## Exercise description:
In your copy, reproduce the entries exactly as they are, minus the images.

:: Information provided

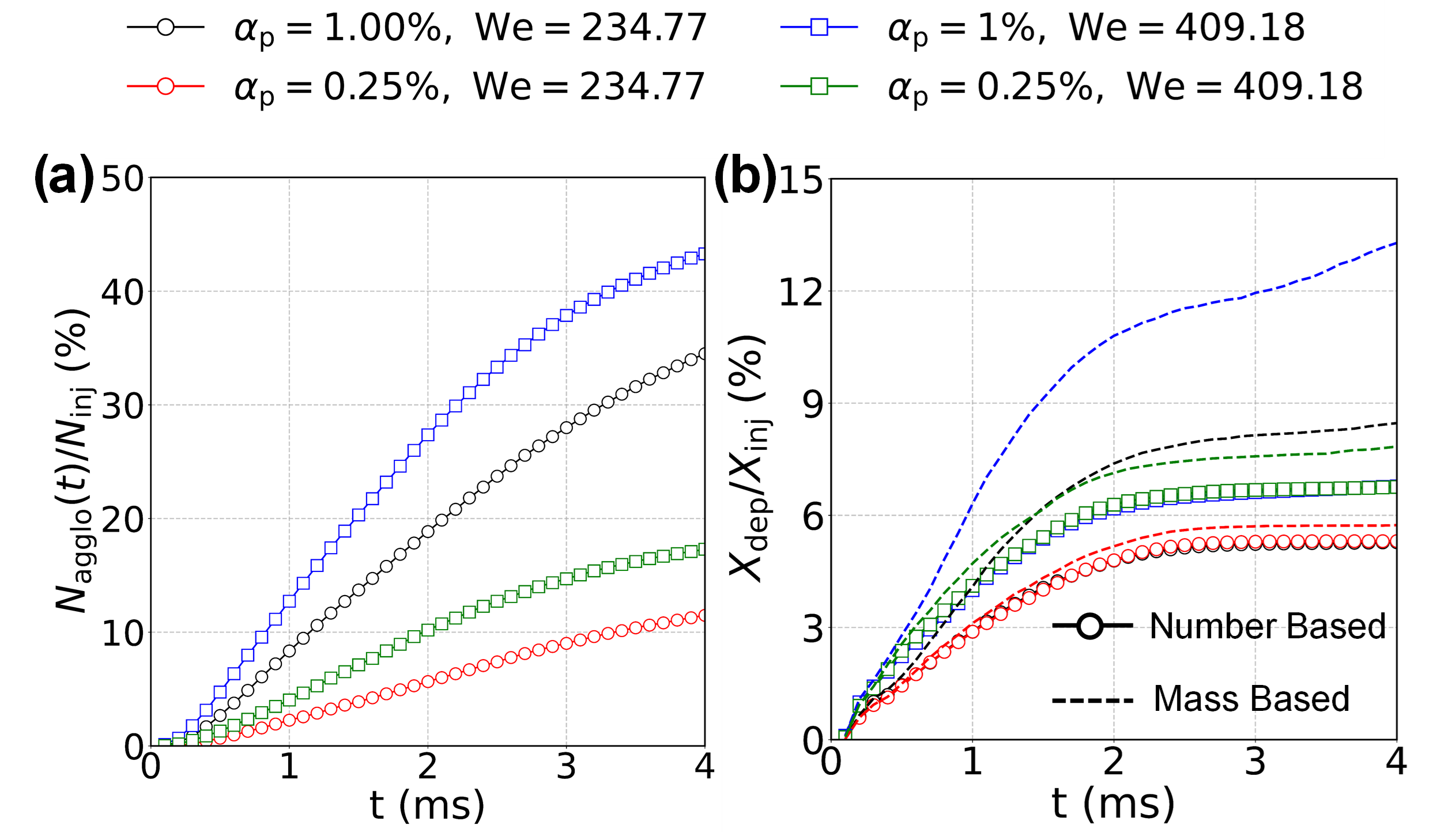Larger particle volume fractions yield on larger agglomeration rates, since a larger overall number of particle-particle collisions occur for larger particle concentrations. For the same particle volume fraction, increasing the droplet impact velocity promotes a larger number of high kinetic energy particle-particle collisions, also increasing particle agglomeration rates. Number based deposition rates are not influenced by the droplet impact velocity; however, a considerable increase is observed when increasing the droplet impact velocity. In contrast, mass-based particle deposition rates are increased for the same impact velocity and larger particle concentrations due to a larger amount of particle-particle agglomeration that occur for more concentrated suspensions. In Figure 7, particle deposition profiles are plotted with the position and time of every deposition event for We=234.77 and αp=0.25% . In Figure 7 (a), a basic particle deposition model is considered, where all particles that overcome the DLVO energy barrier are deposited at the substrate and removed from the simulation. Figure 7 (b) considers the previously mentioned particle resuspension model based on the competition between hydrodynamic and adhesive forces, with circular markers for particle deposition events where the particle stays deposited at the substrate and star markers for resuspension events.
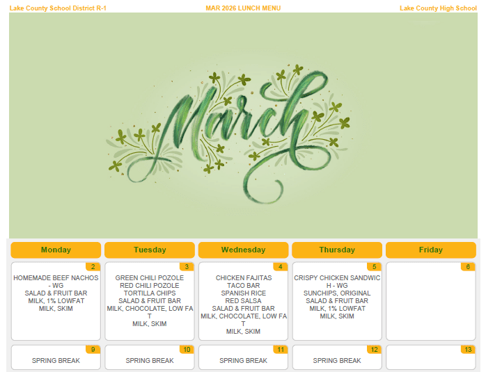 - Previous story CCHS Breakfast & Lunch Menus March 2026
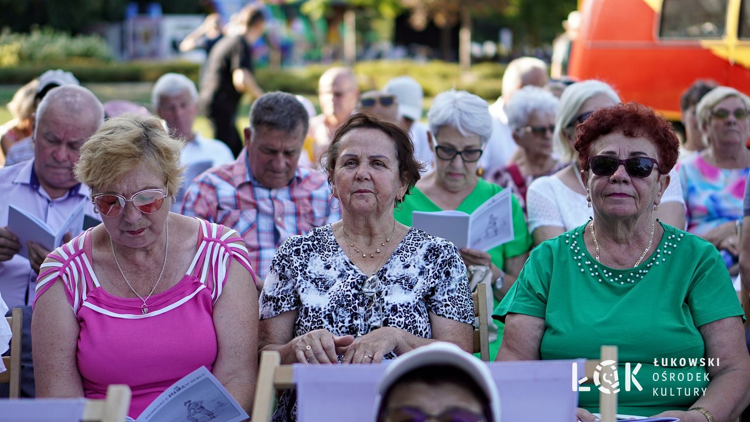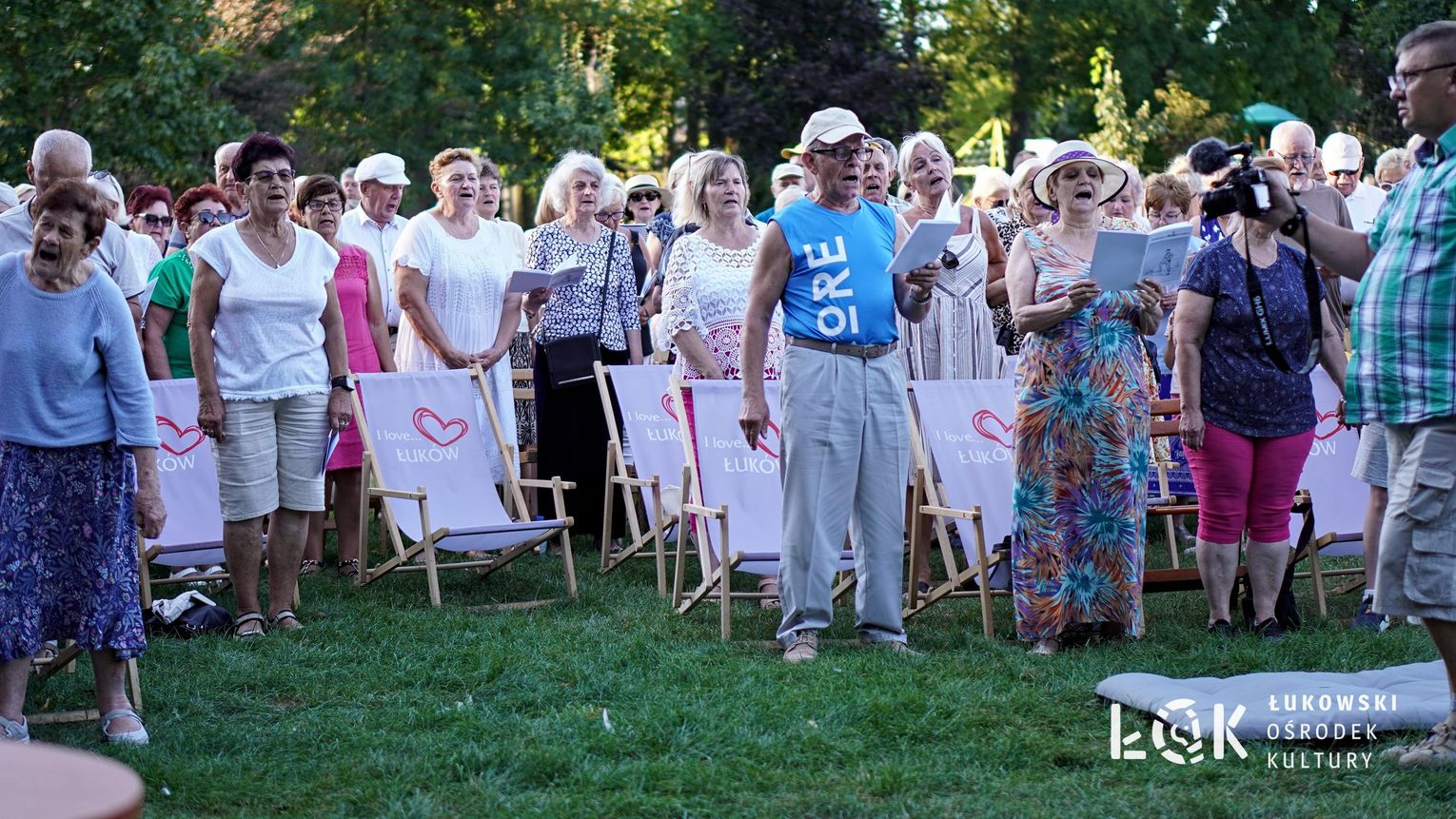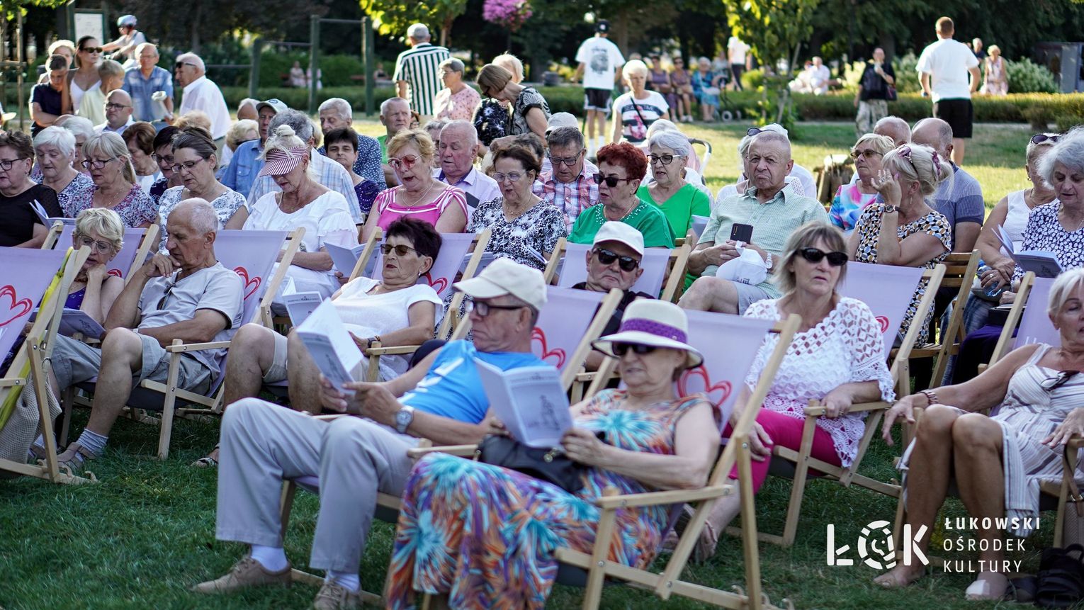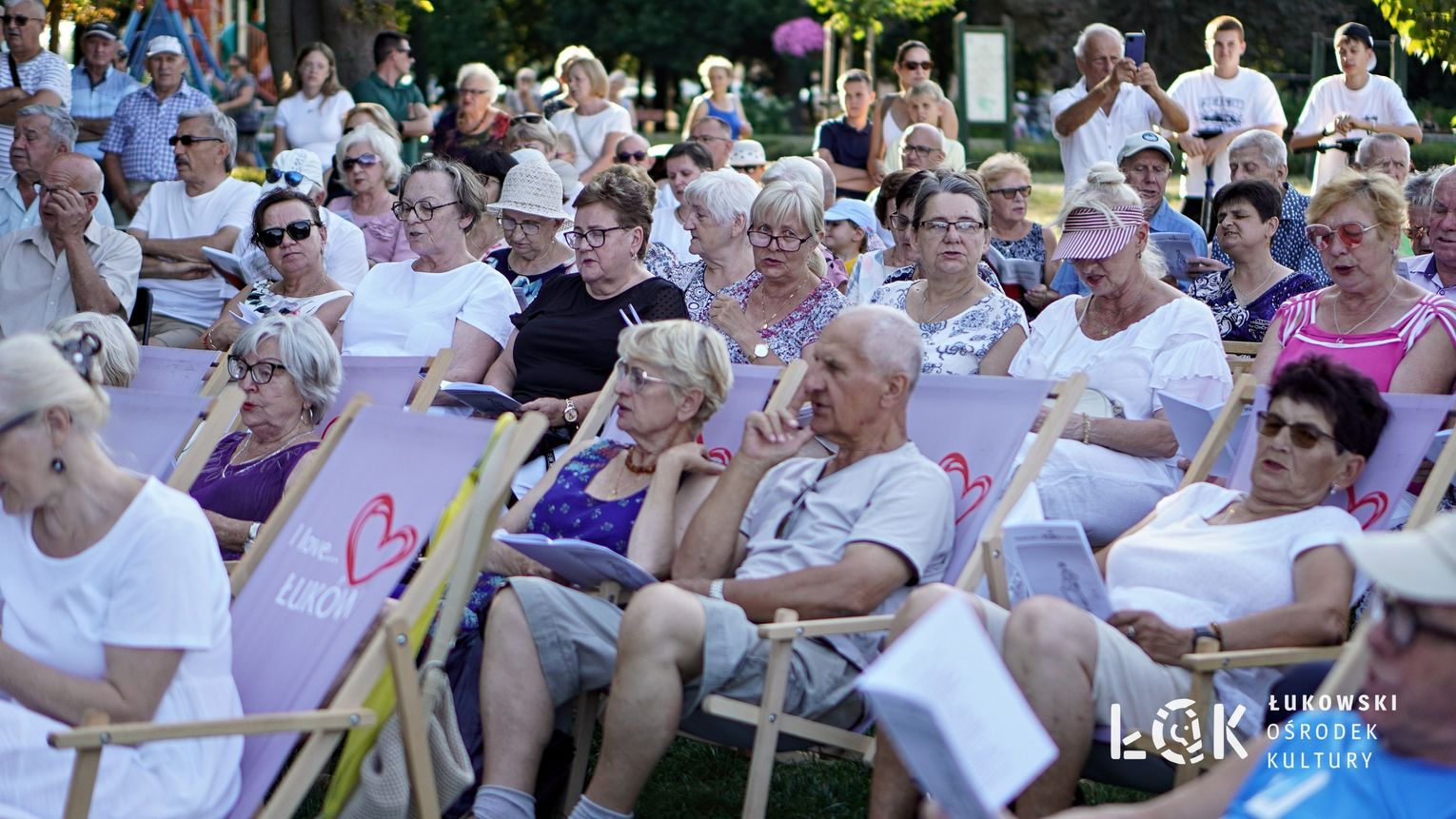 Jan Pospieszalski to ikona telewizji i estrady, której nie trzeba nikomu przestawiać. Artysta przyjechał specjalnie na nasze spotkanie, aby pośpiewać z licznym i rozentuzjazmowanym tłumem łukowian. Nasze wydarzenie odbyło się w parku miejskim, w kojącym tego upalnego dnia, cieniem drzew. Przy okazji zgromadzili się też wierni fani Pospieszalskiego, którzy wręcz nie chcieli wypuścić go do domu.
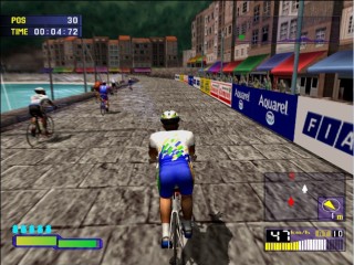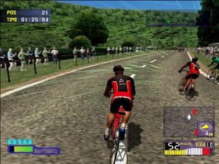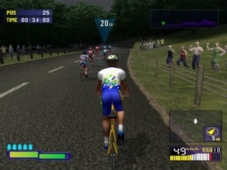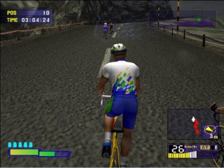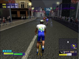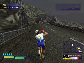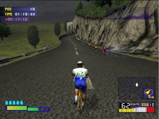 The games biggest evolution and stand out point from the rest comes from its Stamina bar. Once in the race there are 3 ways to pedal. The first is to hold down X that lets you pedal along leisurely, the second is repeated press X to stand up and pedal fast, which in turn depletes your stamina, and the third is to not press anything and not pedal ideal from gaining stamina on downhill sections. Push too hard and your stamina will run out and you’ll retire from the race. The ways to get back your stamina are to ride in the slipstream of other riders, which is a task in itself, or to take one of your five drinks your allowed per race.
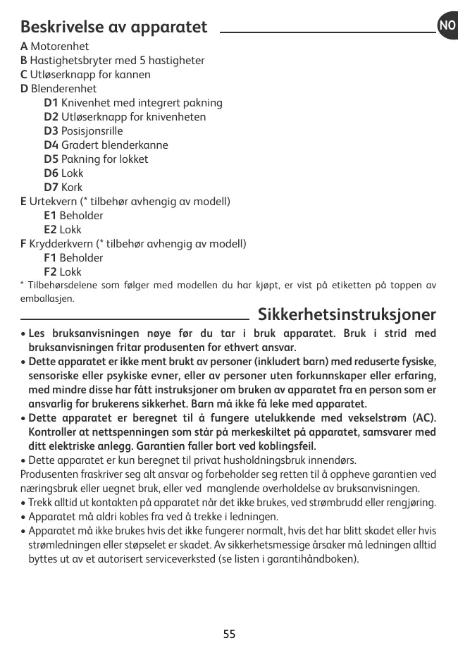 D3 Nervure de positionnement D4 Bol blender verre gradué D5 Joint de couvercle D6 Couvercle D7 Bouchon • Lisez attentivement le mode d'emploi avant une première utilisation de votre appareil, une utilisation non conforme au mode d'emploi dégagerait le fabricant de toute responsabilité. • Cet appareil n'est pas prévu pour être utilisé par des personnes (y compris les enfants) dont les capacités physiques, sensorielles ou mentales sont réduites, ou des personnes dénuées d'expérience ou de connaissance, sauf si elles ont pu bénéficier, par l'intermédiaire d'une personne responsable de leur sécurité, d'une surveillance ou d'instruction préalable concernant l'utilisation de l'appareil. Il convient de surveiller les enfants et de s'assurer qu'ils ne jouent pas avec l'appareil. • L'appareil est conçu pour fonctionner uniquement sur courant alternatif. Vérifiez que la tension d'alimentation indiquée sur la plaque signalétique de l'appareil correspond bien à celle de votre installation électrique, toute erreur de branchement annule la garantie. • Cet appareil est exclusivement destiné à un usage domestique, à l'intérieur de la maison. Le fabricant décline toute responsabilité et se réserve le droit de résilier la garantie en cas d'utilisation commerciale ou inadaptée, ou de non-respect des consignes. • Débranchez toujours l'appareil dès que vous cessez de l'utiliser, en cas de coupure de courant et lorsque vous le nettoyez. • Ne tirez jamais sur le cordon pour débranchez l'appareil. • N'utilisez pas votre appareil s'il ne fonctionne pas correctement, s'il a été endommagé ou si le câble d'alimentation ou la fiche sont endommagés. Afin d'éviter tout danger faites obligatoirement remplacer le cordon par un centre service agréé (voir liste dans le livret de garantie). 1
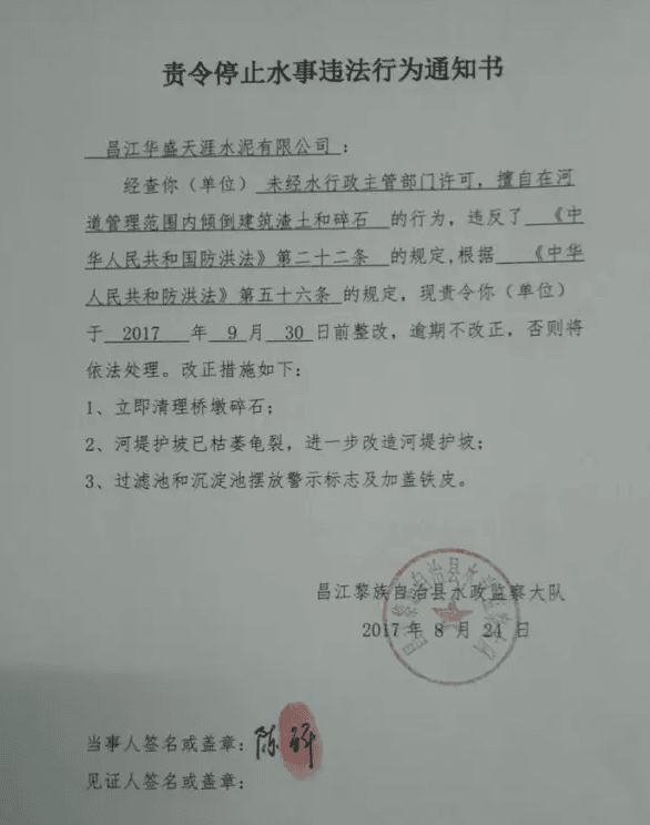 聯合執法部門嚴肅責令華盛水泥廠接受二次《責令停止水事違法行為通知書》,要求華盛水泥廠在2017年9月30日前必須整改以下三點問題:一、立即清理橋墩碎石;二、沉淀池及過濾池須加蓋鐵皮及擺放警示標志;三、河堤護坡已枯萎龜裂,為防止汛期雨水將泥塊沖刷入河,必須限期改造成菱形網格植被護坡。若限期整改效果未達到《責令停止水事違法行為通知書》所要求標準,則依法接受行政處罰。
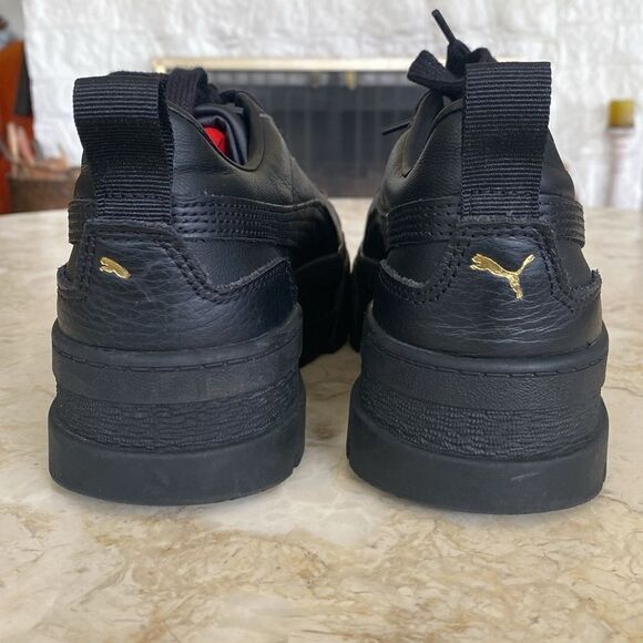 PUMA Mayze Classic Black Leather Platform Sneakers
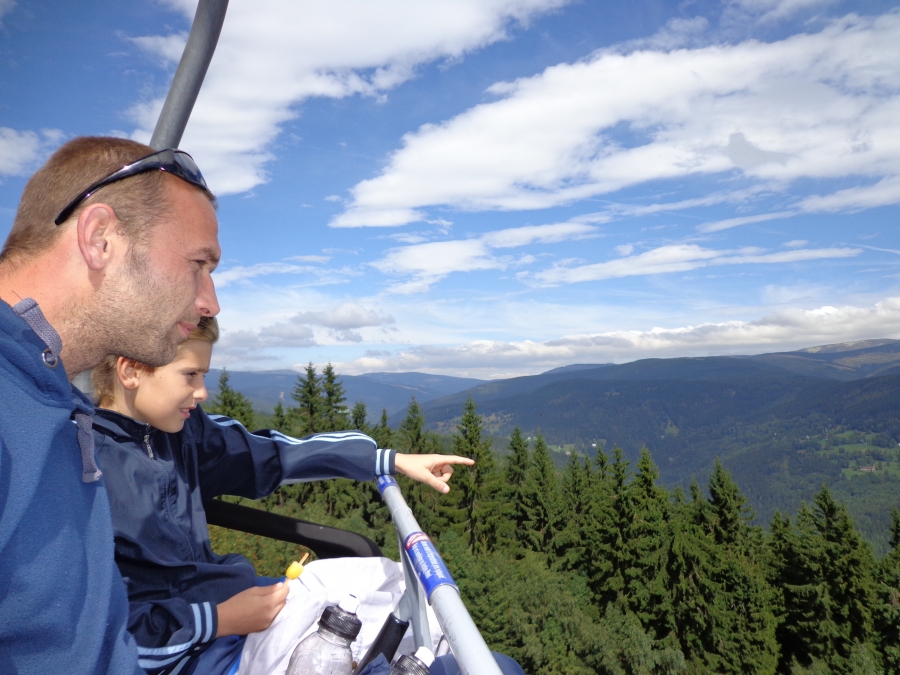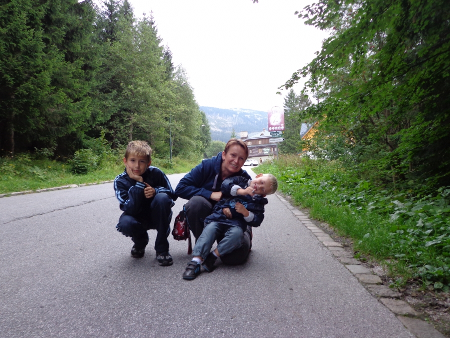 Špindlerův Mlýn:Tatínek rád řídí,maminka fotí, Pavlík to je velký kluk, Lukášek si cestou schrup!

::::

## Reply:
Larger particle volume fractions yield on larger agglomeration rates, since a larger overall number of particle-particle collisions occur for larger particle concentrations. For the same particle volume fraction, increasing the droplet impact velocity promotes a larger number of high kinetic energy particle-particle collisions, also increasing particle agglomeration rates. Number based deposition rates are not influenced by the droplet impact velocity; however, a considerable increase is observed when increasing the droplet impact velocity. In contrast, mass-based particle deposition rates are increased for the same impact velocity and larger particle concentrations due to a larger amount of particle-particle agglomeration that occur for more concentrated suspensions. In Figure 7, particle deposition profiles are plotted with the position and time of every deposition event for We=234.77 and αp=0.25% . In Figure 7 (a), a basic particle deposition model is considered, where all particles that overcome the DLVO energy barrier are deposited at the substrate and removed from the simulation. Figure 7 (b) considers the previously mentioned particle resuspension model based on the competition between hydrodynamic and adhesive forces, with circular markers for particle deposition events where the particle stays deposited at the substrate and star markers for resuspension events.
 - Previous story CCHS Breakfast & Lunch Menus March 2026
 Jan Pospieszalski to ikona telewizji i estrady, której nie trzeba nikomu przestawiać. Artysta przyjechał specjalnie na nasze spotkanie, aby pośpiewać z licznym i rozentuzjazmowanym tłumem łukowian. Nasze wydarzenie odbyło się w parku miejskim, w kojącym tego upalnego dnia, cieniem drzew. Przy okazji zgromadzili się też wierni fani Pospieszalskiego, którzy wręcz nie chcieli wypuścić go do domu.
 The games biggest evolution and stand out point from the rest comes from its Stamina bar. Once in the race there are 3 ways to pedal. The first is to hold down X that lets you pedal along leisurely, the second is repeated press X to stand up and pedal fast, which in turn depletes your stamina, and the third is to not press anything and not pedal ideal from gaining stamina on downhill sections. Push too hard and your stamina will run out and you’ll retire from the race. The ways to get back your stamina are to ride in the slipstream of other riders, which is a task in itself, or to take one of your five drinks your allowed per race.
 D3 Nervure de positionnement D4 Bol blender verre gradué D5 Joint de couvercle D6 Couvercle D7 Bouchon • Lisez attentivement le mode d'emploi avant une première utilisation de votre appareil, une utilisation non conforme au mode d'emploi dégagerait le fabricant de toute responsabilité. • Cet appareil n'est pas prévu pour être utilisé par des personnes (y compris les enfants) dont les capacités physiques, sensorielles ou mentales sont réduites, ou des personnes dénuées d'expérience ou de connaissance, sauf si elles ont pu bénéficier, par l'intermédiaire d'une personne responsable de leur sécurité, d'une surveillance ou d'instruction préalable concernant l'utilisation de l'appareil. Il convient de surveiller les enfants et de s'assurer qu'ils ne jouent pas avec l'appareil. • L'appareil est conçu pour fonctionner uniquement sur courant alternatif. Vérifiez que la tension d'alimentation indiquée sur la plaque signalétique de l'appareil correspond bien à celle de votre installation électrique, toute erreur de branchement annule la garantie. • Cet appareil est exclusivement destiné à un usage domestique, à l'intérieur de la maison. Le fabricant décline toute responsabilité et se réserve le droit de résilier la garantie en cas d'utilisation commerciale ou inadaptée, ou de non-respect des consignes. • Débranchez toujours l'appareil dès que vous cessez de l'utiliser, en cas de coupure de courant et lorsque vous le nettoyez. • Ne tirez jamais sur le cordon pour débranchez l'appareil. • N'utilisez pas votre appareil s'il ne fonctionne pas correctement, s'il a été endommagé ou si le câble d'alimentation ou la fiche sont endommagés. Afin d'éviter tout danger faites obligatoirement remplacer le cordon par un centre service agréé (voir liste dans le livret de garantie). 1
 聯合執法部門嚴肅責令華盛水泥廠接受二次《責令停止水事違法行為通知書》,要求華盛水泥廠在2017年9月30日前必須整改以下三點問題:一、立即清理橋墩碎石;二、沉淀池及過濾池須加蓋鐵皮及擺放警示標志;三、河堤護坡已枯萎龜裂,為防止汛期雨水將泥塊沖刷入河,必須限期改造成菱形網格植被護坡。若限期整改效果未達到《責令停止水事違法行為通知書》所要求標準,則依法接受行政處罰。
 PUMA Mayze Classic Black Leather Platform Sneakers
 Špindlerův Mlýn:Tatínek rád řídí,maminka fotí, Pavlík to je velký kluk, Lukášek si cestou schrup!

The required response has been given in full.